El saludo “grande, grande”
Una hija espiritual del Padre Pío se había quedado en San Giovanni
Rotondo tres semanas con el único propósito de poder confesarse con él.
Al no lograrlo, ya se marchaba para Suiza profundamente triste, cuando
se acordó que el Padre Pío daba todos los días la bendición desde la
ventana de su celda.
Se animó con la idea de que por lo menos recibiría su bendición antes
de partir y salió corriendo hacia el convento. Por el camino iba
diciendo para sus adentros: “Quiero un saludo grande, grande, sólo para
mí”. Cuando llegó se encontró con que la gente se había marchado pues el
Padre había dado ya su bendición, los había saludado a todos agitando
su pañuelo desde su ventana y se había retirado a descansar.

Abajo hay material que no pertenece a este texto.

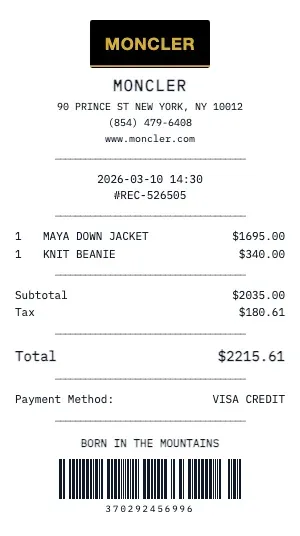 Whether you need a Moncler receipt for insurance appraisal, resale authentication, gift documentation, or personal collection records, our generator produces receipts with the attention to detail that luxury brands are known for. Add care instructions, warranty terms, and boutique contact information.

Un grupo de mujeres que rezaban el Rosario se lo confirmaron. Era
inútil esperar. La señora no se desanimó por eso y se arrodilló con las
demás mujeres diciendo para sí: “no importa, yo quiero un saludo grande,
grande, sólo para mí”.
A los pocos minutos se abrió la ventana de la celda del Padre y éste,
luego de dar nuevamente su bendición, se puso a agitar una sábana a
modo de saludo en vez de usar su pañuelo. Todos se echaron a reír y una
mujer comentó: “-¡Miren, el padre se ha vuelto loco!”. La hija
espiritual del padre comenzó a llorar emocionada. Sabía que era el
saludo “grande, grande” que había pedido para sí.
Un niño y los caramelos
Un niño, hijo de un guardia civil, deseaba tener un trenecito
eléctrico desde hacía mucho tiempo. Acercándose la fiesta de Reyes, se
dirigió a un retrato del Padre Pío colgado en la pared, y le hizo esta
promesa: “Oye, Padre Pío, si haces que me regalen un trenecito
eléctrico, yo te llevaré un paquete de caramelos”.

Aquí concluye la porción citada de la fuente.